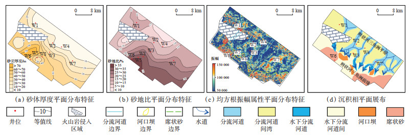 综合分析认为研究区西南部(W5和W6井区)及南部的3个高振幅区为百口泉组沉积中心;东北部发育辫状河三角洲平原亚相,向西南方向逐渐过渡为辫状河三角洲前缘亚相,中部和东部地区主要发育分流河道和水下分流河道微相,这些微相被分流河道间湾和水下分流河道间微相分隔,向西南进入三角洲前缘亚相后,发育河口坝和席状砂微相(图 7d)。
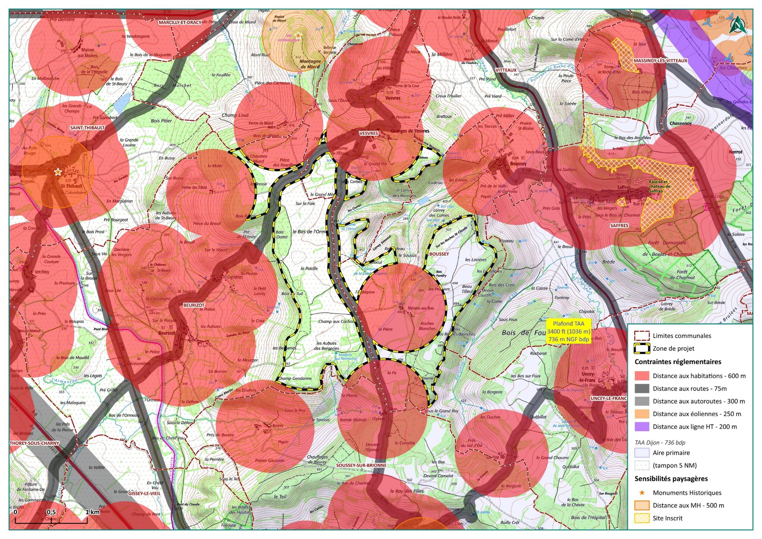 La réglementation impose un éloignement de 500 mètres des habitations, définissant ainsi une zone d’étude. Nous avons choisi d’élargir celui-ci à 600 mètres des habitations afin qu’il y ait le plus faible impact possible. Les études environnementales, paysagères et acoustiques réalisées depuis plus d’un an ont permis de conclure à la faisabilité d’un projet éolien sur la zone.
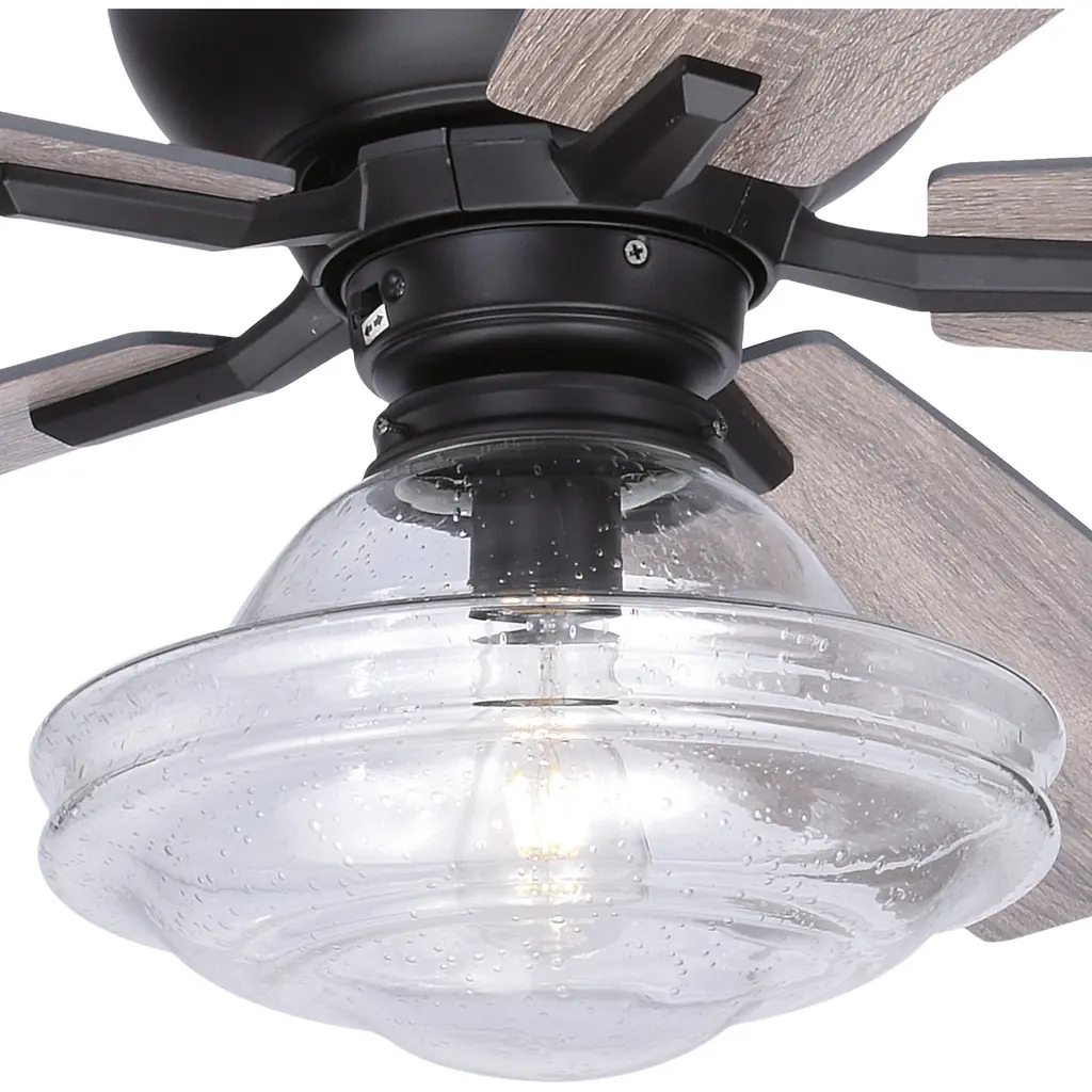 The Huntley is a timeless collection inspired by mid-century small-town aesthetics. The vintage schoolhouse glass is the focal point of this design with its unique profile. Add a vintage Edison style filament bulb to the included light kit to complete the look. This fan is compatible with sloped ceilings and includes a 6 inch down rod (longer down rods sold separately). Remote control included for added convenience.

## Your objective
Except for the pictures, return every line of the material exactly.

## Solution to this problem
 综合分析认为研究区西南部(W5和W6井区)及南部的3个高振幅区为百口泉组沉积中心;东北部发育辫状河三角洲平原亚相,向西南方向逐渐过渡为辫状河三角洲前缘亚相,中部和东部地区主要发育分流河道和水下分流河道微相,这些微相被分流河道间湾和水下分流河道间微相分隔,向西南进入三角洲前缘亚相后,发育河口坝和席状砂微相(图 7d)。
 La réglementation impose un éloignement de 500 mètres des habitations, définissant ainsi une zone d’étude. Nous avons choisi d’élargir celui-ci à 600 mètres des habitations afin qu’il y ait le plus faible impact possible. Les études environnementales, paysagères et acoustiques réalisées depuis plus d’un an ont permis de conclure à la faisabilité d’un projet éolien sur la zone.
 The Huntley is a timeless collection inspired by mid-century small-town aesthetics. The vintage schoolhouse glass is the focal point of this design with its unique profile. Add a vintage Edison style filament bulb to the included light kit to complete the look. This fan is compatible with sloped ceilings and includes a 6 inch down rod (longer down rods sold separately). Remote control included for added convenience.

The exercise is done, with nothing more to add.